旅番組のカメラは寺へと曲がりたり叔母ゐぬ家をなぞりて過ぎぬ
赤岩邦子
叔母は亡くなっているのだろう。一瞬家が映ったときの驚きと懐かしさが、「なぞる」という動詞でうまく表現されている。
柿の皮とぎれとぎれにむいてゐた灯りの下のきいろいわたし
中村みどり
「きいろいわたし」によって不思議な印象が生み出されている。柿の色、灯火の色に染まった少女期の自分を、外側から見ているような感じがある。

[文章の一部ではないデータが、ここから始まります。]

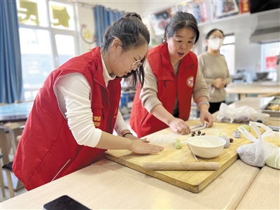 “蒸花馍是咱们过年的传统,老一辈传下来的手艺,我们要一辈一辈地传下去。”此次活动特邀专业面点老师来到活动现场,向大家传授花馍制作方法。面点老师讲解了花馍的历史和文化寓意,并准备好面粉、红枣、黑豆、剪刀、模具等制作材料和工具。“首先是揉面,面一定要揉软拉松,只有揉透醒透的面才能做出形状优美、入口松软的花馍。”老师一边示范,一边讲解,接下来就是制作各种造型的花馍,通过切、揉、捏、揪、挑、压、搓、拔等手法,再配上红枣、黑豆等辅料,不一会儿,一个个色彩鲜艳、造型优美的玉兔、寿桃、福袋、元宝、玫瑰花等花馍就在大家的手中成型了。

春照(すいじょう)という名の町を知るゆうべ自転車の輪はしずかにまわる
高松紗都子
「春照(すいじょう)」は滋賀の米原市にある地名という。魅力的な固有名詞をうまく生かした歌。下の句はいろいろな解釈ができるが、自転車で走ったときに、春照という町名を見つけたのかもしれない。
鷹柱(たかばしら)徐々に崩れて一羽ずつ逡巡無きや南に流る
佐藤裕扇
「逡巡無きや」がやや言い過ぎだろうが、鷹を見つめる鋭い眼差しが感じられる一首だ。